Willie Jones

Photo courtesy Women of Vision

Photo courtesy Women of Vision Women of Vision

Women's Foundation of Mississippi, a grant-making and advocacy organization that supports programs for women and girls in the state, celebrated its 2018 "Women of Vision" honorees and grantees with a celebration on Monday, Oct. 15. The organization selected four women for the honor, including Willie Jones, president and chief executive officer of Dependable Source Corp. of MS.

"I was excited when Women's Foundation of Mississippi selected me as one of the individuals they bring in for ('Women of Vision') because I've long been a huge fan of the work they do," she said. "I love both their diverse leadership, their transparency and the innovative nature of their work. It's an honor that they want to spotlight the work we do in our community here at Dependable Source."

Jones launched Dependable Source, a staffing firm that hires commercial truck drivers for both full-time and part-time work in Mississippi, in 1995. The business also has a health-care division, Dependable Source Home Health, which staffs positions for in-home care for seniors and people with disabilities.

"What we do is different from anything else in the area," Jones told the Jackson Free Press. "We work mainly with manufacturers and distributors in Mississippi to secure work for drivers. We're proud of being able to put Mississippians to work and offer good jobs with great benefits that our state can be proud of."

Jones was born in Bassfield, Miss., and graduated from Bassfield High School before going on to the now-closed Draughon's Business College in Jackson, where she received a certificate of business administration in 1984. She later received an associate's degree in accounting from Santa Monica College in Santa Monica, Calif., and a bachelor's degree in public management from Millsaps College in 2010.

She moved to Los Angeles while attending Santa Monica College, and it was there that Jones met her husband, Harold Tyree Jones. The couple married in 1992, after which they decided move back to Mississippi. Willie Jones then took a job with Mississippi-based transportation company MCH Transportation. However, after three years, she said that she was dissatisfied with the job and decided to resign.

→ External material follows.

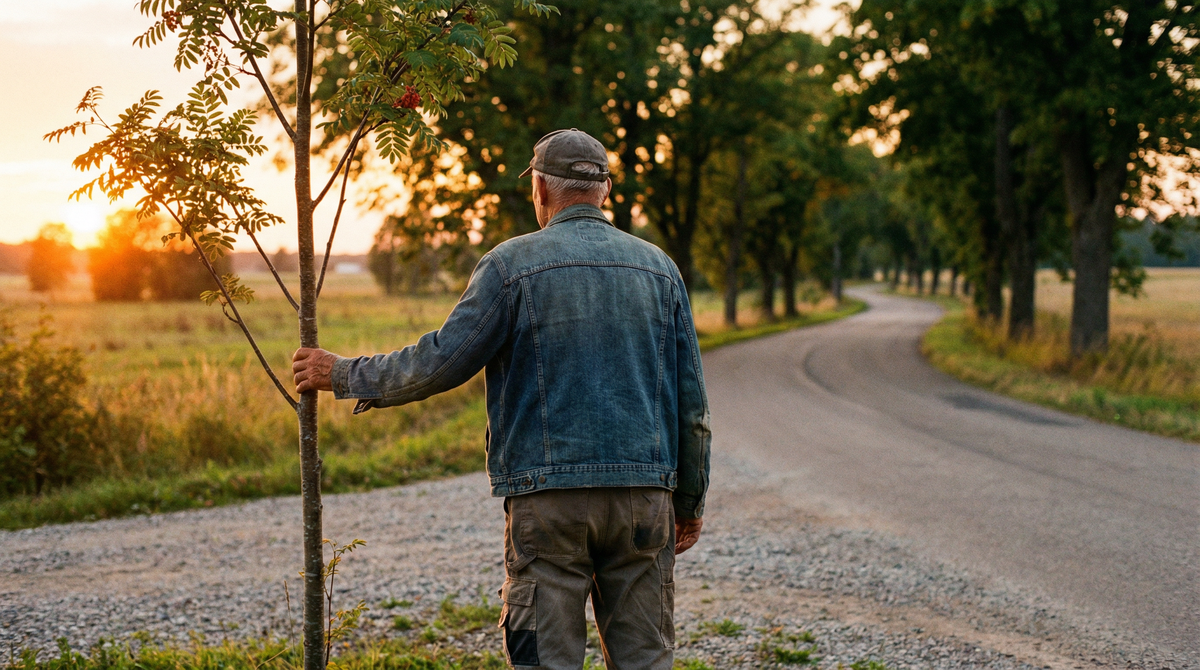 Рябина – первая, та, которую он посадил осенью девяносто шестого – стояла прямо напротив калитки. Ствол толщиной с мою ногу. Гроздья ягод ещё зелёные, но уже тяжёлые. Рядом – клён с раскидистой кроной. Дальше – берёза. Потом липа. И так – в обе стороны вдоль трассы, сколько хватало глаз. Ровная зелёная стена. Настоящая аллея.

"At the time, I was working such crazy hours, which wasn't great for a newlywed," Jones said. "However, after I left that job, the idea of leasing truck drivers came to me as a potential business for Mississippi. No one here or in neighboring states was doing anything like that, and after doing some research I found that there was a market and a need for truck drivers here. I wanted to put my skills and talents I had developed while working for MCH to use in creating something that was my own, and I decided to start Dependable Source that same year."

In 2010, Jones decided to launch Dependable Source's in-home care branch after speaking with a number of acquaintances about the need for more quality health providers for seniors in the Mississippi. Jones said she also saw a home-health-care business as a good opportunity to employ more women in the state.

"Our focus from the beginning with Dependable Source Home Health has been on being an advocate for seniors and people with disabilities in Mississippi rather than just providing a service," Jones said. "We look at their individual needs and also reach out to other resources in the area they need to help connect them. Our staff helps them with things like housekeeping, cooking, getting dressed, activity assistance and other parts of daily living."

Jones is also president of Women for Progress of Mississippi, a women's advocacy and community-service nonprofit that launched in Jackson in 1978. She creates a weekly radio show for the organization, Women for Progress Radio, which brings on local politicians, educators and community leaders to discuss issues that impact women in Jackson and Mississippi.

She and her husband have been married for 25 years. They have two children, Tiffany Hathorn and Tyree Jones, and five grandchildren.